Fourteen patients, 6.1 per cent, required curettage of the uterus for excessive or prolonged bleeding, while two patients required blood transfusion. One patient, who had an intrauterine contraceptive device left in situ during treatment, had acute pelvic sepsis develop. No deleterious side effects occurred in 34 patients who were subsequently proved not be pregnant at the time of treatment.
Treatment by intrauterine or vaginal administration of prostaglandins offers promise as a method of termination of pregnancy which avoids much of the physical and emotional trauma associated with surgical termination, and has the advantage of not requiring admission to the hospital in the majority of patients. Results of this study show the safety of the method and its potential as a self-administered technique.

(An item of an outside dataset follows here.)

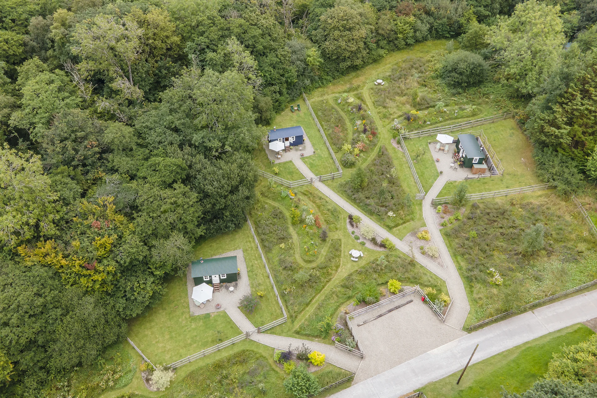 A project featuring three shepherd’s huts set in the Ceredigion countryside, thoughtfully nestled within the natural landscape. Each hut benefits from its own private, wild, and green outdoor space. Designed as a couples’ retreat, each handcrafted hut includes an open-plan living area with a bespoke kitchen, bedroom, and shower room, complete with a cozy fireplace for year-round comfort. The huts are named after local trees using their Welsh names: Onnen, Bedwen, and Collen.

Patients\' Responses to Barium X-Ray. Studies. Jenifer Wilson Barnett. Br. Med. J., 1978, 1: 1324.
Two Similar studies were undertaken concurrently, one with patients /having a barium meal for the first time and the other with those having a barium enemas, was divided equally into experimental and control groups. The experimental group received a specially prepared explanation, while the control group was interviewed by the same researcher on unrelated topics-
Four anxiety scores obtained in each patient within a 24 hour period before and after the roentgenographic study showed low levels of anxiety before and after a barium meal. Patients having a barium enema reported high levels of anxiety.
Those who had received the explanation were significantly less anxious than those in the control group during the roentgenographic study. It was concluded that doctors should recognize that the barium enema is a stressful procedure and that prior explanation is .benefical.